Other germ-killing or germ-retarding chemicals routinely used in U.S. food production include nitrites and nitrates in processed meat (declared carcinogens by the World Health Organization in 2016), the parasiticide formalin legally used in shrimp production, and carbon monoxide to keep meat looking red in the grocery store no matter how old it really is. Many thought public revulsion at the ammonia puffs used to discourage E. Coli growth in the notorious beef-derived “pink slime” in 2012 forced the product into retirement. But the manufacturer is fighting back aggressively.

Antibiotics—the least of unlabeled animal drugs

According to the Center for Food Safety, Animal Pharma uses over 450 animal drugs, drug combinations and other feed additives “to promote growth of the animals and to suppress the negative effects that heavily-concentrated confinement has on farm animals.”

The revelations about Sanderson Farms should come as no surprise given that despite new antibiotic regulations rolled out in 2013, and even more recently, antibiotic use in farm operations is on the rise. Sanderson Farms revelations are no surprise.

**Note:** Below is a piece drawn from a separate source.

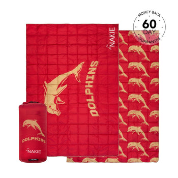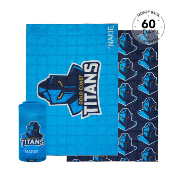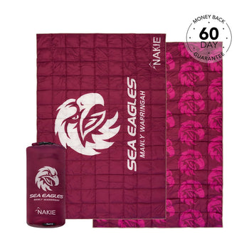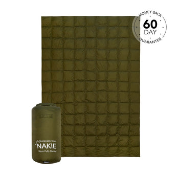 Whilst our Nakie blankets are not 100% waterproof they are water resistant. he blankets outer shell is made from 90/10 DWR fabric - this means that when our blanket was sprayed with water in testing 90% of the fabric remained dry AND the blankets water resistance was unchanged after 10 washes! This also provides excellent stain resistance. In most cases water will bead off your blanket rather than being absorbed, unless it is fully submerged or completely saturated. This is usually more than enough protection from the elements and the blanket will easily handle some light showers or condensation.

Last year I asked Senior Staff Scientist at Consumers Union Michael Hansen how the 2013 FDA guidance asking Pharma to voluntarily restrict livestock antibiotics by changing the approved uses language on labels was working out. Dr. Hansen told me “growth production” had been removed from labels but the drugs are still routinely used for the new indication of “disease prevention.”

After the guidance was published, a Reuters investigation found Tyson Foods, Pilgrim’s Pride, Perdue Farms, George’s and Koch Foods using antibiotics “more pervasively than regulators realize.” Pilgrim’s Pride’s feed mill records show the antibiotics bacitracin and monensin are added “to every ration fed to a flock grown early this year.” (Pilgrim’s Pride threatened legal action against Reuters for its finding.) Also caught red-handed using antibiotics, despite denying it on their website, was Koch Foods, a supplier to Kentucky Fried Chicken restaurants. Koch’s Chief Finanical Officer, Mark Kaminsky, reportedly said that he regretted the wording on the website.

But antibiotics are the least of the unlabeled drugs and chemicals lurking in meat. According to the Associated Press, U.S. chickens continue to be fed with inorganic arsenic to produce quicker weight gain with less food (the same reason antibiotics are given) despite some public outcry a few years ago. Arsenic is also given to turkeys, hogs and chickens for enhanced color. Such use “contribute[s] to arsenic exposure in the U.S. population,” says according to research in Environmental  Health Perspectives.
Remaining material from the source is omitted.